For a new crypto investor, figuring out which coins or tokens to buy can be an intimidating experience. There are thousands of projects to choose from and with so much noise in the crypto space, how does an investor build a balanced portfolio?
Research each potential investment
Building a balanced portfolio begins with an investor doing their due diligence and making sure that each investment is thoroughly researched. This helps avoid any possible scams, pitfalls, or herd behavioural tendencies that could otherwise hurt a portfolio. Solely relying on the research of others isn’t a good idea because it can be difficult to tell if the person providing that research has a conflict of interest or if they’re being completely truthful about the fundamentals of a project.
Understand risk and reward
Another important step in building a balanced portfolio is to understand the risk and reward levels of various crypto assets. Broadly speaking, cryptocurrency is a risky investment, but the level of risk varies between different coins and tokens.
When building a portfolio, an investor should first consider their appetite for risk and how to manage it. This will help when breaking down where their funds are going to be allocated. Lower-risk crypto portfolios tend to have larger positions in bitcoin and stablecoins, while higher-risk portfolios may contain more altcoins and NFTs.
It’s essential that an investor learns about the risks associated with any crypto asset. A portfolio full of meme coins may result in nice gains every now and then, but the potential for huge losses is much greater than with a balanced portfolio. Creating a balanced crypto portfolio means splitting investments between high, medium, and low-risk assets.
The role of stablecoins when building a balanced portfolio
Stablecoins have been in the news lately for all the wrong reasons – just look at UST. Despite having ‘stable’ in the name, stablecoins aren’t 100% risk-free. That said, including a reputable stablecoin in a portfolio helps for moments when liquidity is needed or when an investor needs to rebalance their portfolio.
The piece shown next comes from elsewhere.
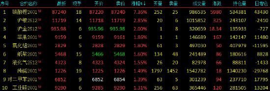 | 2025年11月10日,国内期货主力合约涨多跌少。碳酸锂涨超7%,沪银涨超2%,沪金、苹果、氧化铝、纸浆、液化石油气(LPG)、纯碱涨超1%;跌幅方面,玻璃跌近3%,集运欧线、沥青、焦炭、鸡蛋跌超1%。

Stablecoins are useful for locking in gains or quickly exiting a position. They can also help a portfolio sustain some of its value during bear markets.
At the end of the day, no matter how bullish an investor is on crypto in general, they should never invest more than they’re willing to lose. Having a balanced crypto portfolio is great but it shouldn’t come at the expense of an investor’s other financial obligations. Over-investing in an asset can also lead to stress and anxiety – two emotions that can greatly affect an investor’s ability to make good decisions.
Disclaimer: THIS IS NOT FINANCIAL OR INVESTMENT ADVICE. Only you are responsible for any capital-related decisions you make, and only you are accountable for the results.